A second later, thunder rolled slowly across the sky.
“That’s close,” Ian said. “We’d best get inside before it hits.”
She frowned at the clouds that seemed to come boiling out of nowhere, and wondered why she hadn’t seen them before.
Ian picked up their plates and Kira took their empty glasses and the bottle and ice bucket. Big droplets began pummeling them before they made it to the door, and she laughed at the cold kiss of the unexpected storm. In the kitchen, she set the glasses and bucket down. Ian deposited the plates in the sink, and turned to face her.
Smiling, his eyes intense, he reached up to brush the wetness from her face. But his hand stilled there on her cheek, and then he was leaning closer, and his lips were pressing to hers.
She opened to him, curling her arms around his neck as the fire he always managed to ignite in her took hold. He buried one hand in her hair, cupping her head and a
ngling her for his invasion. His other hand curled around her bottom, pulling her tighter to him. The heat grew and spread. Her breaths came shorter and faster, and her entire body tingled with longing and need.
He scooped her up into his arms and carried her through the house, still feeding from her mouth, up the stairs, into a bedroom. And then they fell together to the bed as he tugged at her clothes and his own, and she struggled to help.
Naked, at last, tangled in each other, they stopped, suddenly, and Ian backed away just enough to look at her. His eyes devoured her from her head to her toes and back again, and the look in them told her everything she needed to know.
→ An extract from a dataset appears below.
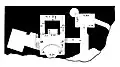 A large vaulted chamber is located in front of the "central pillar" column and a smaller rear chamber behind with two tunnel-like corridors on the sides linking these spaces. In the front chamber, a three-dimensional image of Buddha would have been housed in a large niche serving as the focus of the interior, however, none of these sculptures have survived at Kizil.[18] The rear chamber may feature the parinirvana scene in the form of a mural or large sculpture, and in some cases, a combination of both. The "central pillar" layout is possibly related to the structural design of Kara Tepe in northern Bactria.[19]

And then he was kissing her again, touching her, rubbing and caressing places that were already thrumming with heightened awareness. Her nipples screamed with pleasure when he squeezed them. And when he kissed and suckled them, it was all she could do not to cry out loud. As he ravaged her breasts, he slid his hand lower, fingers dipping into the hot moistness between her legs, exploring her there, probing and pressing until she thought she’d lose her mind with desire. She touched him in return, shocked at the rigid length of him, that he was that aroused, that throbbingly hard, for her.
“I need you now,” she whispered. “Ian, I need you.”
“Yes,” he muttered, sliding his mouth to her neck, to her ear, nibbling and suckling every bit of skin he encountered. “Yes, lassie, it’s been too long.”
It was an odd thing to say, and yet felt perfectly natural, as he slid himself inside her, and began to move. And when he entered her, it felt right. It felt like the fulfillment of a longing she’d held forever, yet never been able to name. It felt familiar and perfect.
And as they moved together it was as if they’d been sexual partners for years. She knew what he wanted, what he liked, how to please him. He seemed to read her mind, because he knew all the same things about her. He knew how to push her right to the edge, and let her hover there as he played her, drew it out, made it last, made her want to beg and plead for release. And then he knew how to push her over, into ecstasy, driving into her to keep it going and going.